Gottliebova had no choice but to do Mengele’s bidding, and her creations saved both herself and her mother from the ovens. Still, when the artist attempted to reclaim the paintings after the war, the request was refused. “She had the right to take credit for the drawings,” conservators of the Auschwitz Museum told her, “but the works were part of Dr. Josef Mengele’s archive.”

This is just one of the chilling anecdotes included in Cognet’s beautiful and unsettling feature film. As you’d expect, it is by turns horrifying, gut-churning and wonderful, an unexpected celebration of the irrepressible pockets of creativity that unexpectedly flourished under Nazi rule. In fact, despite the abuse, starvation and torture directed at Jews, Romani, Poles, lesbian, gay, bisexual and trans people, the disabled and people of color, many internees found ways to resist, whether by storytelling, creating music, imagining gourmet meals or making art.

A still image from the film Because I Was a Painter: Art That Survived the Nazi Concentration Camps.A contemporary view of a concentration camp, from the film Because I Was a Painter: Art That Survived the Nazi Concentration Camps. (Photo: La Huit Productions and Augenschein Filmproduktion)

Because I Was a Painter includes interviews with five still-living-and-working sculptors and painters who survived the camps – Yehuda Bacon and Samuel Willenberg (both based in Israel); Jose Fosty (in Belgium); Walter Spitzer (in France); and Krystyna Zaorska (in Poland) – and showcases the artwork of dozens of their deceased colleagues. The result is a dramatic smorgasbord of images.

Unfortunately, however, the film is weak on context and the viewer has to do some independent research to learn that most of the rescued drawings and paintings were discovered by the Allies after the camps were liberated. Perhaps the filmmakers wanted to prod us to investigate the backstory ourselves, but regardless, Because I Was a Painter is an important, moving and fascinating look at genocide, war and the coping mechanisms utilized by at least some of those who made it out.

A reading of diary entries written by Slovenian Zoran Music (1909-2005), imprisoned in Dachau, opens the film. They describe his intense need to draw “the landscape of death” and capture the agony he witnessed on the faces of those around him. “My intention was to pay homage,” he wrote. “I drew all that because I was a painter. What else could an artist do?”

Similarly, Polish resistance fighter Josef Richter – a man who is assumed to have perished in 1943 – grabbed any paper he could find, including old newspapers and crumpled bags, to draw what he saw: the trains that transported human cargo, the guards and the other internees. His work is now housed in the Ghetto Fighters’ House in Israel and provides the only existing record – there are no photos – of daily life in Sobibor, a camp in occupied Poland.
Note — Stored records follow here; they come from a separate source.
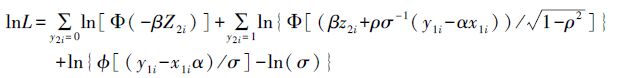 式(3)中,lnL 表示似然函数的对数值,Φ(·)和ϕ(·)分别表示标准正态分布的累积分布函数和概率密度函数,其他符号含义同前所述。根据式(3),利用极大似然估计法,可求得本文实证研究所需的相关参数。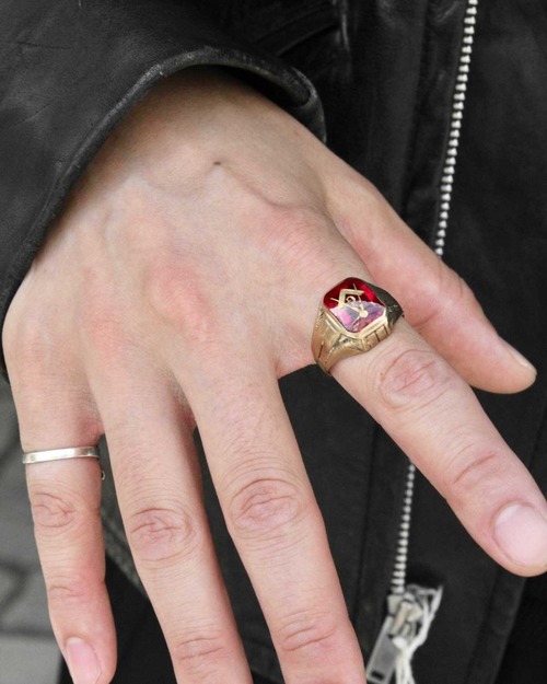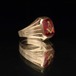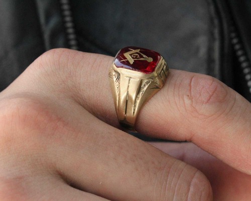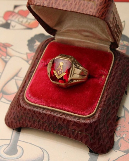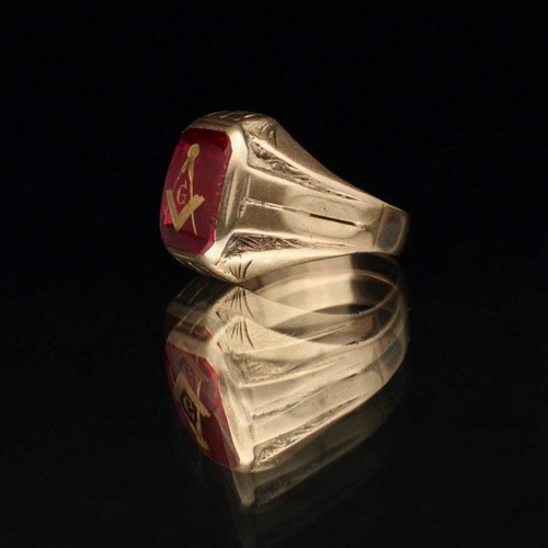 Signet ring with Masonic symbols circa 1930s. A vintage piece with an art deco hoop design, an eye-catching ruby glass, and a classic ruler and compass symbol design. The silhouette is not too big and has a strong presence, making it more stately. Probably 14K gold is placed on a brass or copper alloy, giving it an aged and antique appearance. Please check the condition in the photo and understand the characteristics of vintage before purchasing.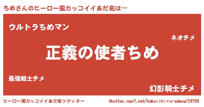 | ポケモン風あだ名 | 『チックウザ』『チメダネ』『ヒチメ』 |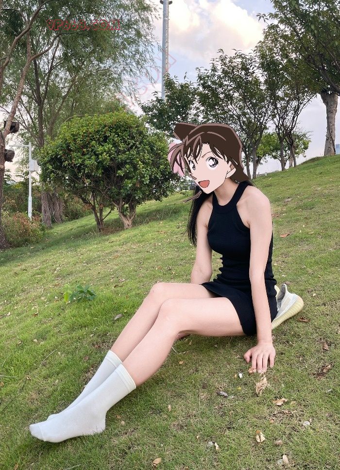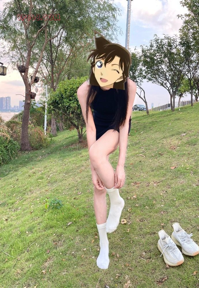 属于生活照了吧,运动鞋配上大白袜
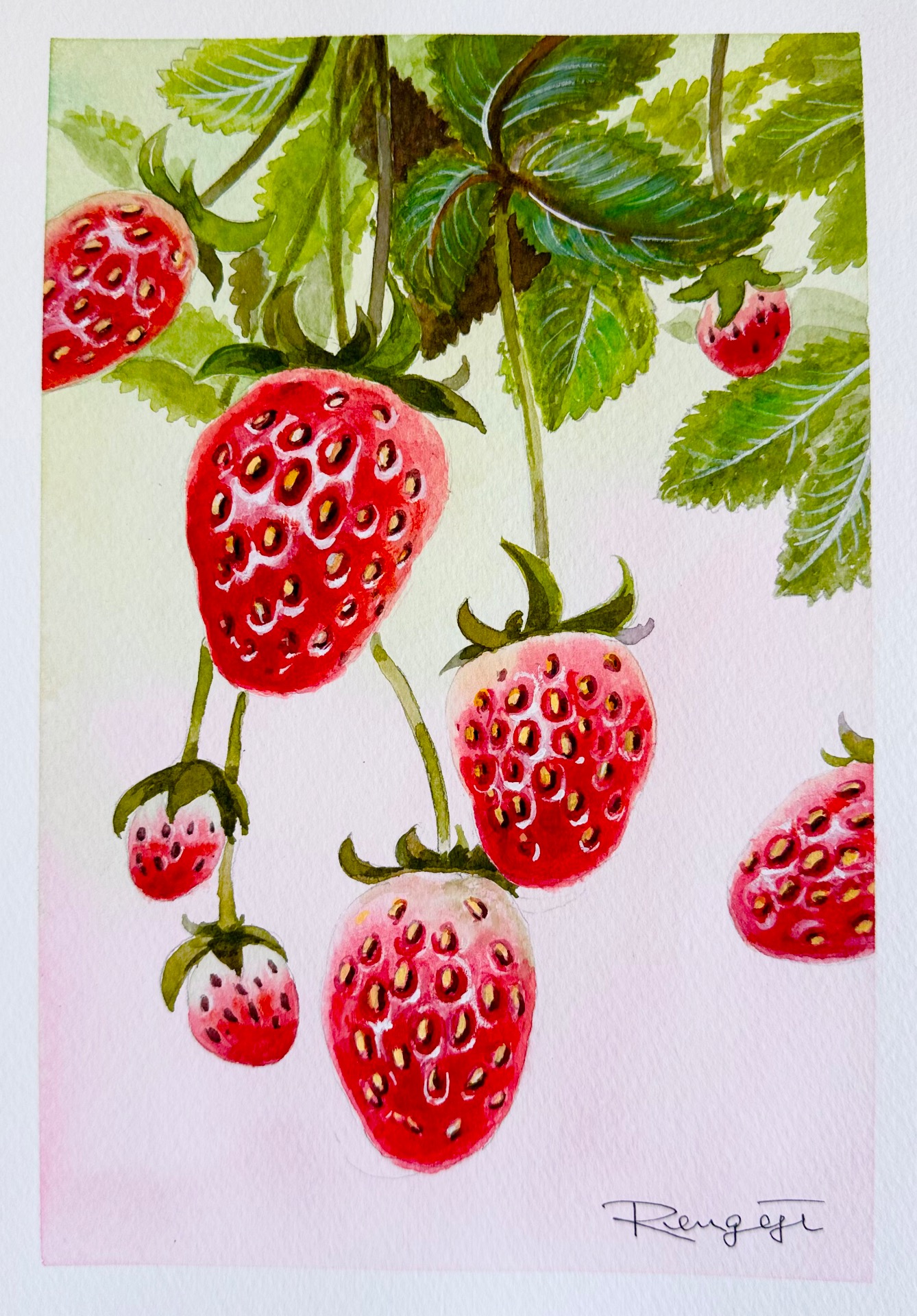今年は暑かった分、イチゴが美味しかった。 F2号 水彩画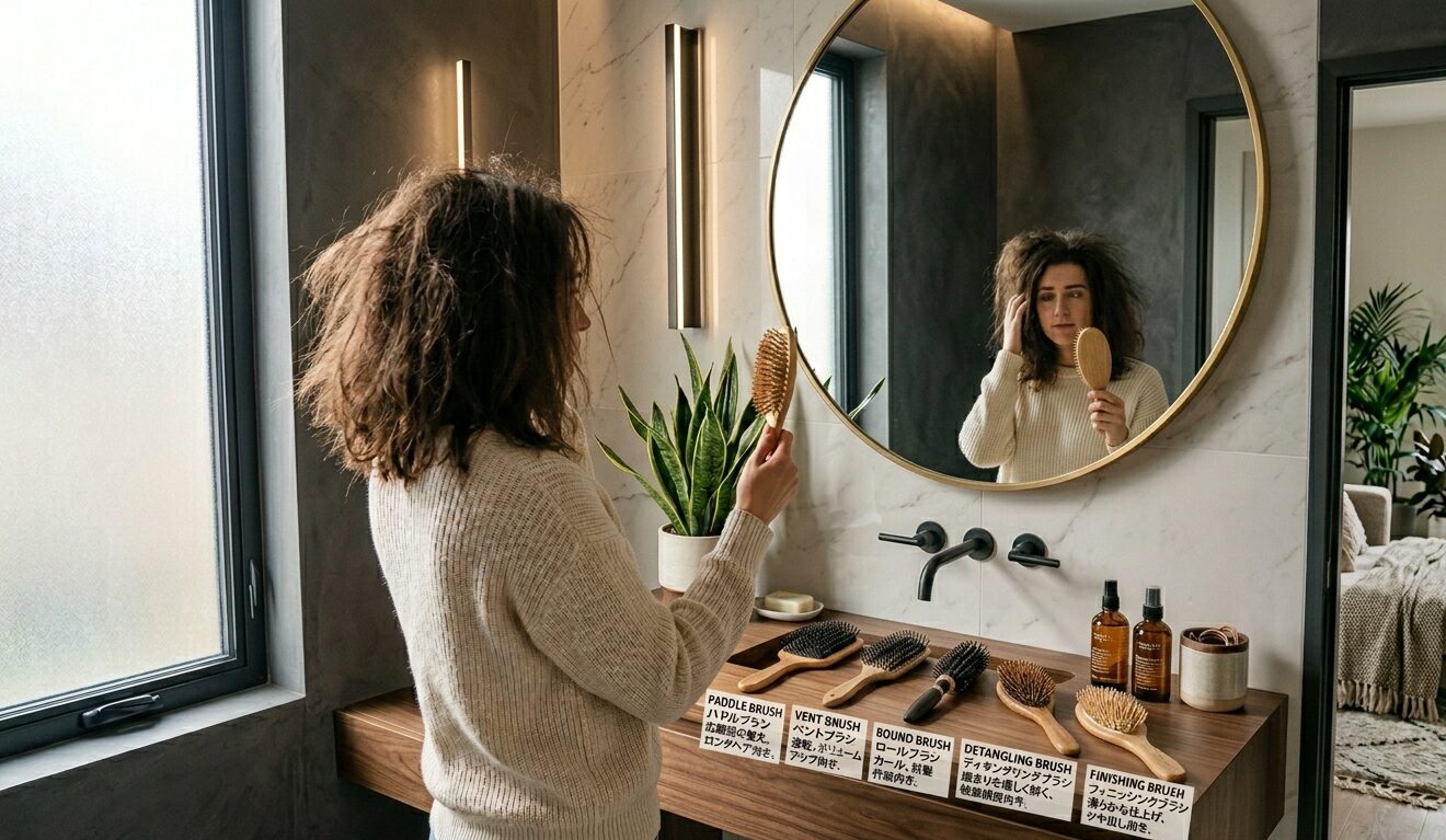 ヘアブラシは「なんとなく」で選ぶより、自分の髪の悩みに合ったタイプを選ぶことで毎日のスタイリングが楽になります。静電気・広がりが気になるならマイナスイオンタイプを、艶を出したいなら天然毛タイプを、という具合に悩みから逆算して選んでみてください。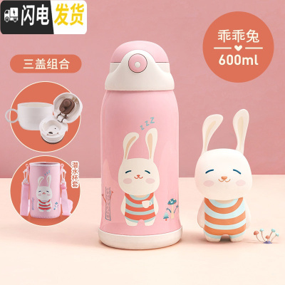 三维工匠儿童保温杯带吸管两用水壶小学生男便携防摔幼儿园宝宝女童水杯子 [保温杯+基础杯套]乖乖兔600★一杯三盖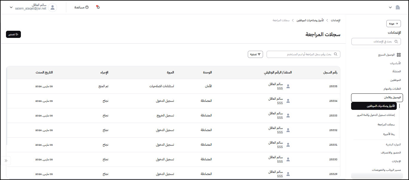 ملحوظة: يمكن للمستخدم الاطلاع على سجلات المراجعة والاطلاع على كل العمليات التي تمت في نظام إدارة الصلاحيات والأمان.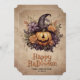 Cartão de Dia das Bruxas Feliz de Vintage, com um jack o'lantern de chapéu preto e rodeado de flores roxas e laranja. Personalize facilmente este cartão de Dia das Bruxas com seu nome e texto de família.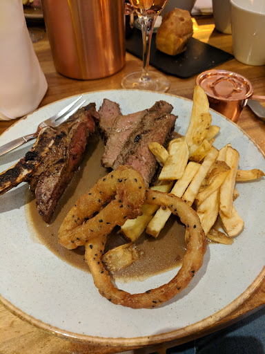 We were told all about the steak deal and decided it sounded good. We ordered ours medium rare - it was perfectly done. With chips each and we shared some onion rings. We went for the peppercorn sauce each as that is our favourite and a bottle of rose. Everything was done beautifully, the onion rings weren't just onion rings they had bite, they were delicious.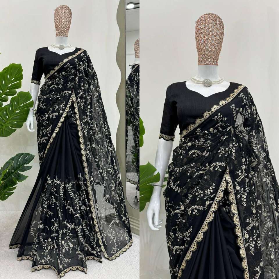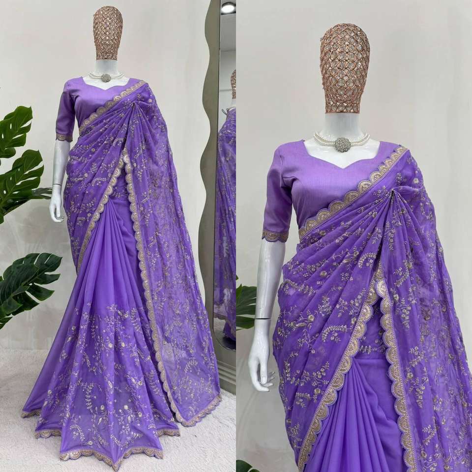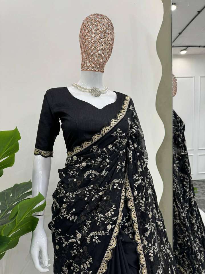 Tibby Silk Coding With Sequence Work Saree With Blouse

Yehuda Bacon (born in 1929), a survivor of Theresienstadt, also wanted to capture the everyday realities of life under Nazi domination. Most of his drawings – including vivid pictures of dead bodies being moved on lorries, their arms dangling; SS watchtowers; and the crematoria – were completed after the war, once Bacon was once again living far from the watchful eyes of overseers and Kapos. Nonetheless, while in the camps, he told the filmmakers that he was “always drawing in my mind. I knew exactly how everything looked, the chair, the undressing room, the smoke billowing from the chimneys, the faces, with eyes that glared out at you.”

Unlike Bacon, whose work is fairly representative, some artists – likely cartoonists before the war – drew in graphic novel style; others, including resistance fighter Wiktor Siminski, (birth and death dates are unknown) were precise photo realists whose provocative images raise a plethora of questions. As the film’s narrator points out, Siminski was incarcerated in Sachsenhausen for more than five years. During that time, many of his illustrations focused on the crematoria. Nonetheless, he likely never saw the inside of the building. “Executions in gas chambers were never seen by inmates,” the film reports. “Only SS watched.” How, then, did Siminski replicate them so accurately, including one drawing of a woman being gassed? Did he somehow get inside or did he imagine it? We’ll never know.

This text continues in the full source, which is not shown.